試用期間で「もう辞めたい」と感じると、入社したばかりなのに甘えなのか、会社にどう伝えればよいのか、次の転職で不利になるのかが不安になりやすいものです。

結論から言うと、試用期間中でも退職を考えること自体は珍しいことではありません。ただし、試用期間だから何も確認せず辞めてよい、即日で退職できる、と決めつけるのは危険です。まず確認すべきなのは、雇用契約の期間、就業規則の退職手続き、労働条件が事前説明と違っていないか、体調面の緊急度です。

この記事では、e-Gov法令検索の民法、厚生労働省の労働契約・労働条件に関する情報をもとに、試用期間で辞めたいときの判断基準、伝え方、次の転職での説明方法を整理します。

  • 試用期間で辞めたいとき、最初に確認する書類が分かります。
  • 即日退職、2週間前、1カ月前などで迷ったときの見方を整理できます。
  • 会社への伝え方、退職理由、引き継ぎの準備ができます。
  • 次の面接で短期離職をどう説明するか考えられます。

試用期間で辞めたいと思ったら最初に確認すること

試用期間で辞めたいと感じたら、感情だけで退職日を決める前に、まず手元の書類を確認しましょう。見るべきなのは、労働条件通知書、雇用契約書、就業規則、採用時の求人票や募集要項です。

厚生労働省は、労働契約締結時には賃金、労働時間などの労働条件を明示する必要があると説明しています。また、明示された労働条件が事実と違う場合には、労働者が即時に労働契約を解除できるとされています。「辞めたい理由」が相性の問題なのか、労働条件の相違なのかを分けることが重要です。

確認するもの 見るポイント 辞め方への影響
労働条件通知書 契約期間、業務内容、勤務地、賃金、労働時間、休日 事前説明と違う場合は、相談や即時解除の検討材料になる
雇用契約書 期間の定めがあるか、更新条件、退職手続き 無期雇用か有期雇用かで考え方が変わる
就業規則 退職申出の期限、退職届の提出方法、貸与物返却 会社との調整をスムーズにしやすい
求人票・募集要項 仕事内容、残業、休日、勤務地、雇用形態 実際の条件と違う点を整理できる
勤務記録・メモ 残業、指示内容、体調不良、面談記録 相談窓口に説明するときの材料になる

参照ポイント

「試用期間だから」ではなく、契約の種類で見る

民法第627条では、期間の定めのない雇用について、解約申入れから2週間を経過することで雇用が終了するとされています。一方、民法第628条では、期間の定めがある雇用でも、やむを得ない事由がある場合の解除が定められています。

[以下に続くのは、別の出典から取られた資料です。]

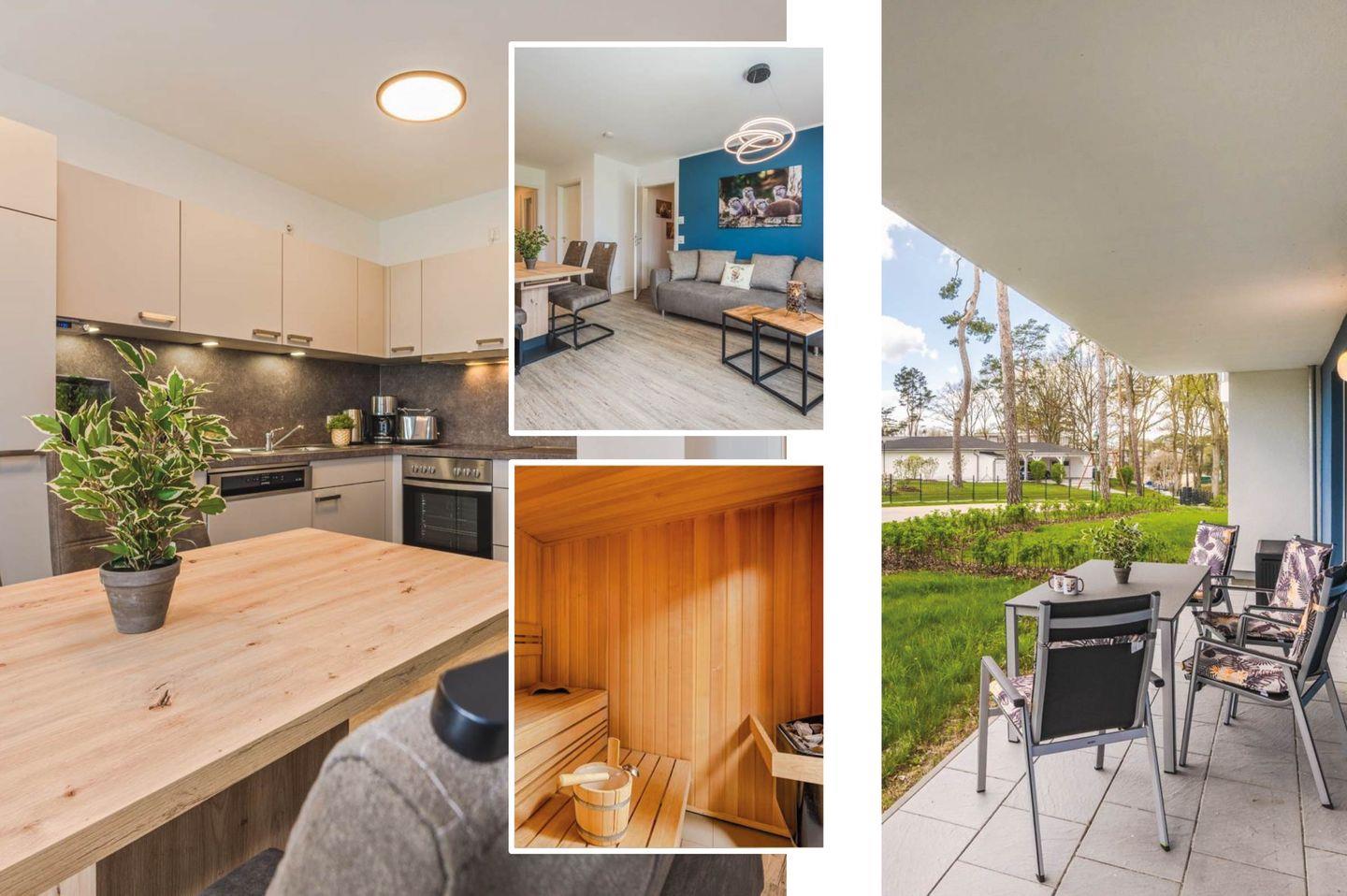 Dieses exklusive 74?m² große Appartement bietet Ihnen eine stilvolle Auszeit mitten in der Natur – ideal für Paare, kleine Familien oder Erholungssuchende. Die moderne Wohnung befindet sich in einem ruhigen Dorf, rund 8?km vom nächsten Strand entfernt, und vereint ländlichen Charme mit hochwertiger Ausstattung. Genießen Sie Ihr Frühstück auf der überdachten Terrasse mit Gartenblick oder starten Sie in den Tag mit einer entspannenden Runde in der hauseigenen Sauna.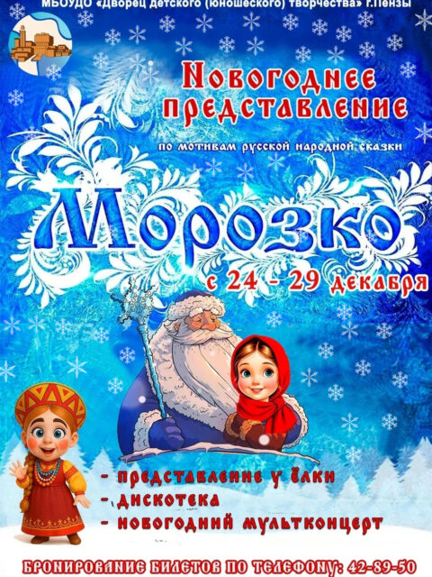 Дорогие друзья, приглашаем вас посетить новогодние представления во Дворце — по мотивам русской народной сказки «МОРОЗКО». Предлагаем вместе с нашими героями окунуться в волшебную атмосферу сказки. Вас ждут: театрализованное представление, активные игры, зажигательные танцы, дискотека, новогодний мультконцерт! Приходите, будет весело! Справки по телефону — 42-89-50.

試用期間中かどうかだけで判断せず、無期雇用なのか、有期雇用なのかを先に確認しましょう。

試用期間で辞めたい理由別の判断基準

試用期間で辞めたい理由は、人によって違います。入社前に聞いていた仕事と違う場合、上司や職場の雰囲気が合わない場合、体調が崩れている場合、単に慣れていないだけの場合では、取るべき行動も変わります。

辞めたい理由 まずやること 退職判断の目安
仕事内容が事前説明と違う 求人票、労働条件通知書、実際の業務を比較する 条件の相違が大きいなら、相談や退職を検討しやすい
職場の人間関係が合わない 誰と何が合わないのか、配置や相談で改善可能か分ける 心身に影響が出ているなら早めに相談する
教育体制がなく放置されている 上司に確認事項と困っている点を具体的に伝える 改善の見込みがないなら、続けるリスクを考える
体調不良が続いている 受診、休職可否、相談窓口を確認する 退職交渉より安全確保を優先する
思っていた仕事と違い、興味が持てない 短期的な慣れの問題か、職種ミスマッチかを整理する 次の職種選びに活かせる理由なら前向きに説明しやすい

転職Tips

「辞めたい」をそのまま退職理由にしない

会社に伝えるときも、次の面接で話すときも、「合わない」「無理」だけでは相手に伝わりにくくなります。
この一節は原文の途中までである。